**PROBLEM DETAILS:** Give a verbatim copy of the lines below, minus the pictures.

**DATA PROVIDED:**

==============================

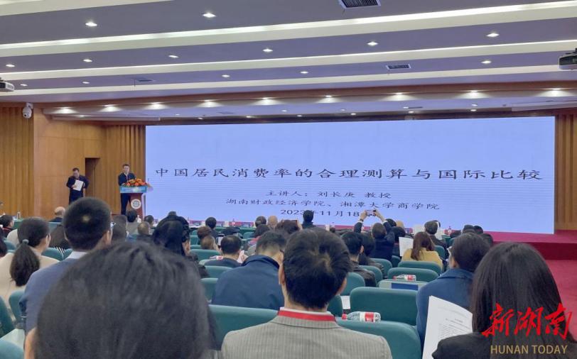 刘长庚在会上作“中国居民消费率的合理测算与国际比较”主题报告
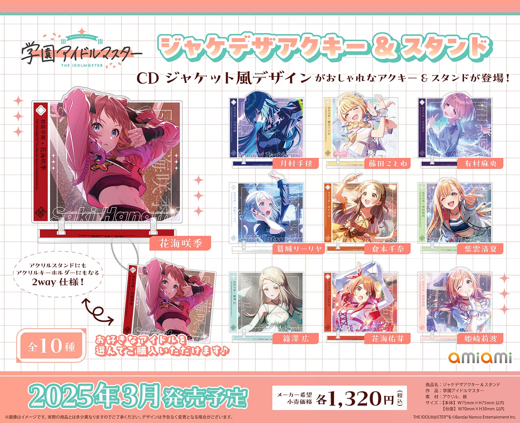 フィギュア&ホビー通販大手『あみあみ』が、『学園アイドルマスター』の関連グッズとして、「ペアアクリルスタンド Vol.1」と「ジャケデザアクキー&スタンド」を2025年3月発売予定です。
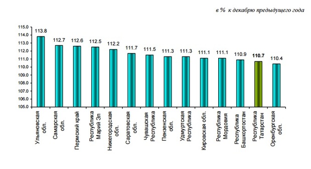 По данным Татарстанстата, инфляция ниже чем в РТ среди регионов ПФО наблюдалась только в Оренбургской области (10,4%). Самая высокая инфляция в декабре наблюдалась в Ульяновской области (13,8%).
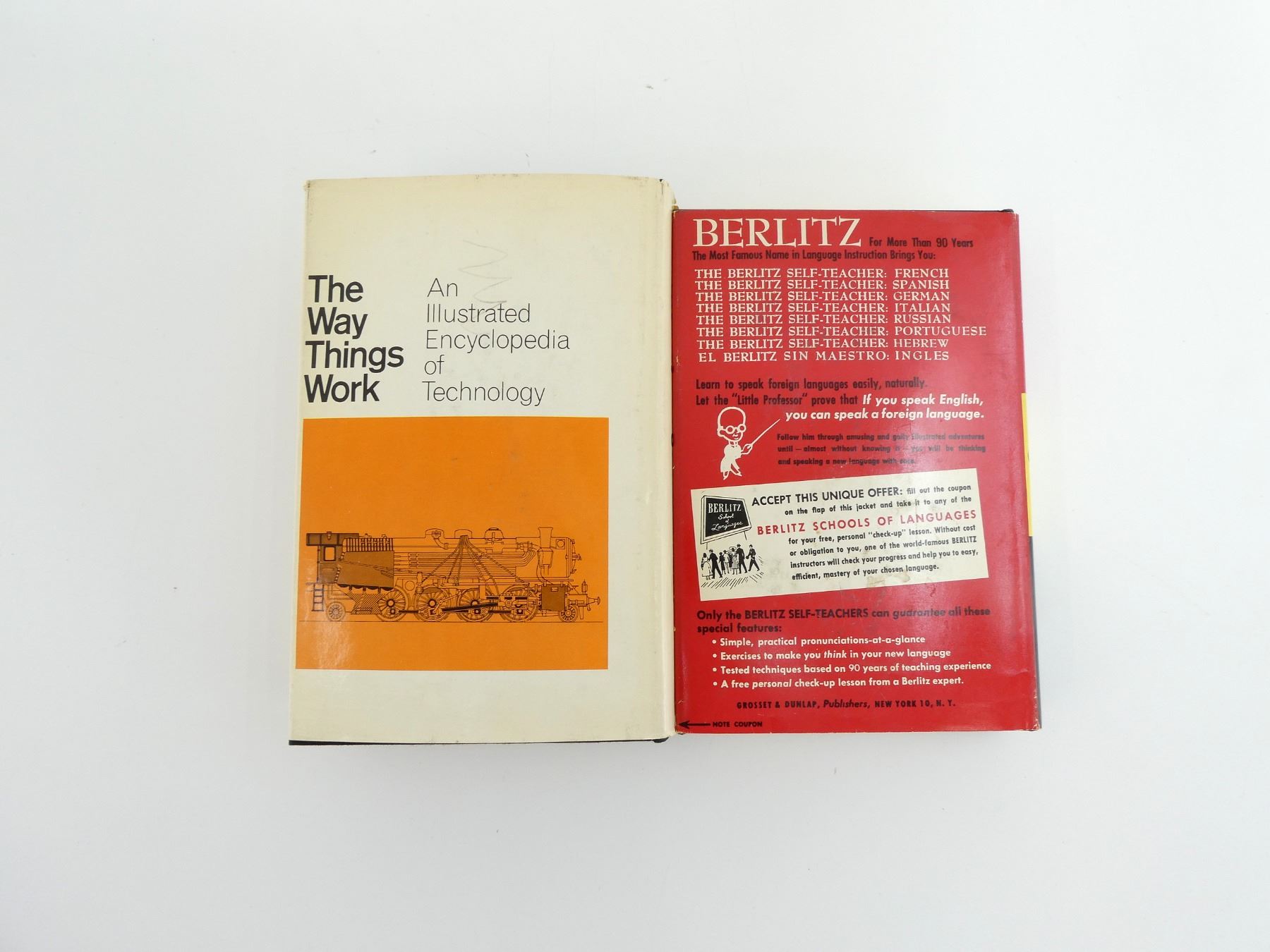 LOT INCLUDES; (1) "THE WAY THINGS WORK - AN ILLUSTRATED ENCYCLOPEDIA OF TECHNOLOGY" BOOK, BY SIMON & SCHUSTER, HARD COVER WITH DUST COVER, COPYRIGHT 1963 & "THE BERLITZ SELF-TEACHER: GERMAN" BOOK, BY GROSSET & DUNLAP, HARD COVER WITH DUST COVER, COPYRIGHT 1950. SEE PHOTOS.

==============================

**WRITTEN ANSWER:**
 刘长庚在会上作“中国居民消费率的合理测算与国际比较”主题报告
 フィギュア&ホビー通販大手『あみあみ』が、『学園アイドルマスター』の関連グッズとして、「ペアアクリルスタンド Vol.1」と「ジャケデザアクキー&スタンド」を2025年3月発売予定です。
 По данным Татарстанстата, инфляция ниже чем в РТ среди регионов ПФО наблюдалась только в Оренбургской области (10,4%). Самая высокая инфляция в декабре наблюдалась в Ульяновской области (13,8%).
 LOT INCLUDES; (1) "THE WAY THINGS WORK - AN ILLUSTRATED ENCYCLOPEDIA OF TECHNOLOGY" BOOK, BY SIMON & SCHUSTER, HARD COVER WITH DUST COVER, COPYRIGHT 1963 & "THE BERLITZ SELF-TEACHER: GERMAN" BOOK, BY GROSSET & DUNLAP, HARD COVER WITH DUST COVER, COPYRIGHT 1950. SEE PHOTOS.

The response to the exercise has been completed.